/confluent-data-contract

Confluent data contract example

Primary LanguageJavaApache License 2.0Apache-2.0

Confluent Data Contract

Pre-requisites

Have the following tools installed:

  • Docker
  • Docker Compose
  • Maven
  • Java 17
  • jq

Start the environment and compile the code

    cd env
    docker compose up -d
    cd ..
    # compile the project and move to the app folder
    mvn clean package

Control center is available under http://localhost:9021

DEMO 1: Read Write rules (validation and transformation)

Creating the needed topics:

  # create topics
  cd env/
  docker compose exec broker1 kafka-topics --bootstrap-server broker1:9092 --create --topic crm.users
  docker compose exec broker1 kafka-topics --bootstrap-server broker1:9092 --create --topic crm.contracts 
  docker compose exec broker1 kafka-topics --bootstrap-server broker1:9092 --create --topic crm.generic-dlq
  cd ..
  cd readwrite-rules-app

Register plain vanilla schemas

  # user subject
  jq -n --rawfile schema src/main/resources/schema/user.avsc '{schema: $schema}' | \
  curl --silent http://localhost:8081/subjects/crm.users-value/versions --json @- | jq
  # contract subject
  jq -n --rawfile schema src/main/resources/schema/contract.avsc '{schema: $schema}' | \
  curl --silent http://localhost:8081/subjects/crm.contracts-value/versions --json @- | jq

Note

  • We have created two schemas, one for users and one for contracts.
  • They are plain vanilla schemas, with no metadata or rules.

Enhancing the data contract with metadata

    # user metadata
    curl -s http://localhost:8081/subjects/crm.users-value/versions \
      --header "Content-Type: application/json" --header "Accept: application/json" \
      --data "@src/main/resources/schema/user-metadata.json" | jq
    # contract metadata
    curl -s http://localhost:8081/subjects/crm.contracts-value/versions \
      --header "Content-Type: application/json" --header "Accept: application/json" \
      --data "@src/main/resources/schema/contract-metadata.json" | jq

Note

  • We have added metadata to the schemas, indicating if they are GDPR sensitive, the owner and owner e-mail of these subjects.
  • As you can see the metadata is not validated, it is just stored in the schema registry.
  • Another important point is the id is increased by one, indicating a new version of the subject.

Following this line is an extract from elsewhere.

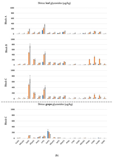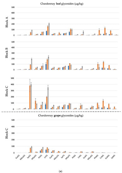 For co-located Chardonnay and Shiraz samples from blocks A and C, the glycoside concentrations in the leaf samples were much higher than those in the grape berry samples, in agreement with results reported previously [26]. This was likely due to the larger surface area of the leaves compared to the berries [34]. Furthermore, the relative expression of glucosyltransferase has shown to be higher in leaves than in grape berries [23,35]. MGs in leaves increased at T3 after exposure to heavy smoke, but were lower at T5. The decrease of MGs in leaves towards ripening could be due to subsequent glycosylation, forming disaccharides, or other sequestration reactions.
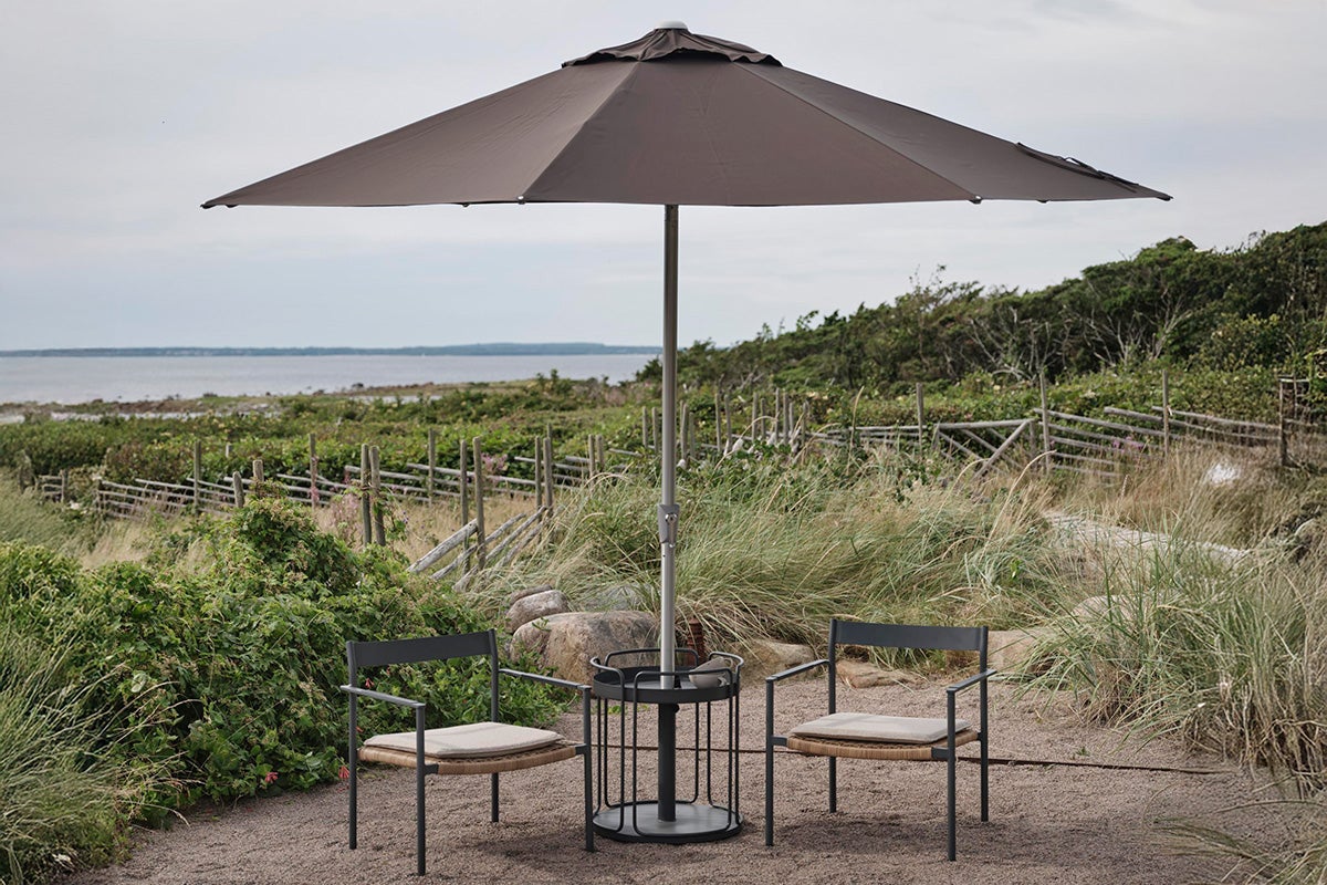Der Beistelltisch Shady ist kein gewöhnlicher Beistelltisch. Neben seiner Schwere und Robustheit mit zwei Ebenen von Tischplatten kann er bei Bedarf auch als Sonnenschirmständer dienen. Das durchdachte Design berücksichtigt, dass wir im Freien immer Dinge abstellen müssen – Dinge, die oft davon profitieren, im Schatten zu stehen. Stellen Sie also Shady neben Ihren Sessel oder Ihr Sofa und nutzen Sie seine Vorteile.

Adding data quality rules to the data contract

    # users rules
    curl http://localhost:8081/subjects/crm.users-value/versions \
      --header "Content-Type: application/json" --header "Accept: application/json" \
      --data @src/main/resources/schema/user-ruleset.json | jq
    # contracts rules
    curl http://localhost:8081/subjects/crm.contracts-value/versions \
      --header "Content-Type: application/json" --header "Accept: application/json" \
      --data @src/main/resources/schema/contract-ruleset.json | jq

Note

  • We have added rules to the schemas, indicating, for example:
    • The user schema has a rule that the user must be older than 18 years old
    • The contract schema has a rule that the contract must have a valid date.
  • As before, the id is increased by one, indicating a new version of the subject.

Run producer

Check events being created or refused due to the condition rules.

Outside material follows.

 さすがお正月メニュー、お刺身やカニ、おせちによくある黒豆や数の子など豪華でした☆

  java -classpath target/readwrite-rules-app-1.0.0-SNAPSHOT-jar-with-dependencies.jar com.tomasalmeida.data.contract.readwrite.ProducerRunner 

Tip

  • Check the logs to see the events being produced and the ones that were not accepted by the rules.
  • The producer produces 8 events, 3 of them will be accepted and 5 will be refused.
    • In some cases, the refused events will be sent to the DLQ topic (check the rules to see which ones).

Run consumer

Check events being consumed and transformed during consumption.

  java -classpath target/readwrite-rules-app-1.0.0-SNAPSHOT-jar-with-dependencies.jar com.tomasalmeida.data.contract.readwrite.ConsumerRunner

Important

One of the users is transformed during consumption. The fullName is created by concatenating the firstName and lastName.

check DLQ

Check the DLQ topic to see the events that were not accepted by the rules and their headers.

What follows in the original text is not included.